For instance, the constructor for Inc specifies the type of its argument as Term Int by constraining its application to bind the parameter a to Int, in effect specifying the "return type" of the constructor. Xavier Leroy's proposal for a syntax extension of OCaml would look like this:

type 'a term =
| Lit  of int                            constraint 'a = int
| Inc  of int term                       constraint 'a = int
| IsZ  of int term                       constraint 'a = bool
| If   of bool term * 'a term * 'a term
| Pair of  'b  term * 'c term            constraint 'a = 'b * 'c
| Fst  of ('b * 'c) term                 constraint 'a = 'b
| Snd  of ('b * 'c) term                 constraint 'a = 'c

Each syntax emphasizes complementary views of what "is" the essence of this generalization: Haskell's makes clear the parameter's functional dependency on the constructor; OCaml's stresses the constraints placed on a match on the constructor. In any case, this type shows the three cases a GADT might present:

  • No constraint, as in the constructor If
  • A concrete constraint, as in the constructors Lit, Inc or IsZ
  • An existential constraint, as in the constructors Pair, Fst or Snd

The constraints a GADT places on the parameters must be met by the functions that do a pattern-matching on the type. In general, the result type is a function of the types of the parameter. This requires polymorphic recursion which forces the use of an explicit rank-2 type for it. For instance, a function evaluating a Term a will have type a for each possible a defined in the GADT. In the following code the match for Lit forces a to be instantiated to Int, whereas the matching for IsZ forces it to Bool:

eval :: Term a -> a
eval term = case term of
  Lit n    -> n
  Inc t    -> eval t + 1
  IsZ t    -> eval t == 0
  If c x y -> if eval c then eval x else eval y
  Pair x y -> (eval x, eval y)
  Fst t    -> fst (eval t)
  Snd t    -> snd (eval t)

Unfortunately, the current version of OCaml (3.11) does not yet include either GADTs or rank-2 polymorphism. On July 11th, 2009, Oleg announced that OCaml's type system is expressive enough to encode GADTs. On his site he shows three applications of the technique. However, Oleg's examples do not offer much guidance in how to apply the encoding, especially since the more complete example, that of the typed printf/scanf, is too advanced an application to use as a template. I have shown in another post how to encode polymorphic recursion with rank-2 types. Here I'll explain how to treat each of the three cases in a GADT to systematically embed the type in OCaml.

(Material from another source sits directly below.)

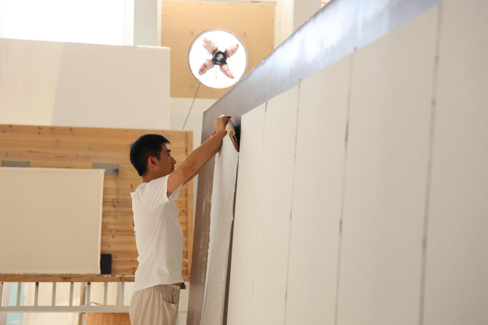 姚云夔正在进行晒纸作业(关敬生 摄)看起来很简单的晒纸,每一步都是技术活。姚云夔介绍,将纸张刷到烘干墙上时,手里的松针刷要刷得平整、严实,并且每一刷的力道都不同。“如果力道都一样,那纸张会晒出皱褶,纸也就废了。每一刷要拿捏得当,既要让纸张有刷痕,又不让刷痕太重。”

The basic technique is to use a witness for the constraint placed on the parameter. Oleg uses a module with the required semantics:

module EQ = struct
  type ('a,'b) eq = Refl of 'a option ref * 'b option ref

  let refl () = let r = ref None in Refl (r, r)

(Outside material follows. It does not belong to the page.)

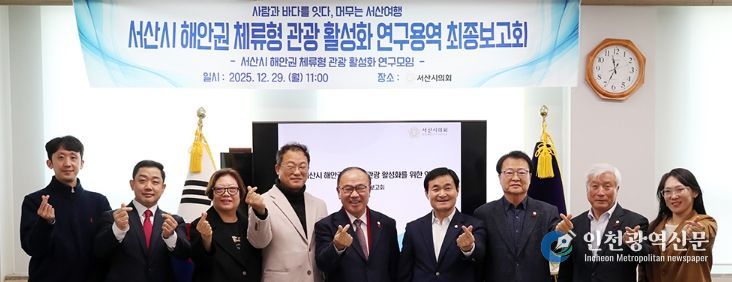 [인천광역신문] 박진 기자 | 서산시의회 의원 연구모임인 ‘서산시 해안권 체류형 관광 활성화 연구모임’이 29일 서산시의회 의원 대기실에서 ‘서산시 해안권 체류형 관광 활성화 연구용역’ 최종보고회를 개최했다.

  let symm (Refl (x, y)) = Refl (y, x)

  let apply_eq (Refl (x, y)) v =
    x := Some v;
    match !y with
  | Some w -> x := None; w
  | _      -> assert false
end

A value eq of type ('a, 'b) eq witnesses the equality of types a and b. Given such a witness and a value x of type a, apply_eq eq x is a safe type cast of x to type b. This is sufficient to force the constraints on the type parameter, as explained in the paper Oleg references. For each one of the above identified cases, Oleg's code encodes the constructor, defines a smart constructor to ease the use of the type as an embedded DSL and pattern-matches on the constructor in order to access its parameters. This is how:

  • For unconstrained constructors, nothing needs to be done.

    For instance, the type constructor for If does not require fixing the constructor's parameter a as it is by definition equal to the type parameter:

    | If of bool term * 'a term * 'a term
    

    A smart constructor for this constructor is routine:

    let if_ c t f = If (c, t, f)
    

    (the underscore is to avoid a clash with the reserved keyword). Equally routine is pattern-matching on it:

    | If (c,t,f) -> …
    

    If desired for reasons of regularity, however, the constraint 'a = 'b for an existentially-qualified parameter b can be introduced explicitely using the last encoding.

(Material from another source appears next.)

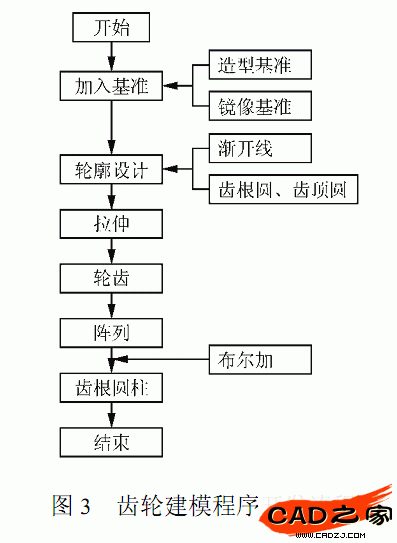 根據(jù)齒輪造型原理和對特征參數(shù)的提取 ,本文通過二次開發(fā)工具 GRIP完成齒輪的參數(shù)化建模 ,開發(fā)流程如圖 3 所示。

  • For concretely-constrained constructors, it is necessary to witness the equality of the parameter and this concrete type.

    It is not as simple, however, to augment the constructor with a value of type ('a, t) EQ.eq: since matches on those values would force the type of a to be the same for every match, it would require that t be the same concrete type everywhere. What is needed instead is an existential type, say b such that it is constrained to be t and which in turn constrains a. Oleg encodes the existential with the double negation on a rank-2 universal, by way of a witness type. In order to maximize the compactness of the code, he uses a class type to introduce the required rank-2 type:

    | Lit of < m_lit : 'w . ((int, 'a) eq -> int -> 'w) -> 'w >
    

    Here w witnesses the existence of an a such that, if successfully constrained to int, it would bear the required type int term. A smart constructor for this constructor must build the object instance which will provide the required witness:

    let lit n = Lit (object
      method m_lit : 'w . ((int, 'a) eq -> int -> 'w) -> 'w =
        fun k -> k (refl ()) n end)
    

    Note first that, under the Curry-Howard isomorphism, continuations encode double negation. Note also that the typing must be explicit since it relies on structual and not nominal class types. Note finally that the encoding style is curried much as in Haskell definitions; it is entirely equivalent to encode Leroy-style tupled constructors.

    Now a match on a constructor of this kind must invoke the method on the object parameter with a suitable continuation that will accept the witness as valid and coerce the argument to the constrained type:

    | Lit o -> o#m_lit (fun eq n -> apply_eq eq n)
    

    As will be apparent from the complete encoding of the Haskell example, the other cases are the same.

  • For existentially-constrained constructors, it is necessary to encode the existential with a rank-2 type, and witness the equality of the parameter and this type.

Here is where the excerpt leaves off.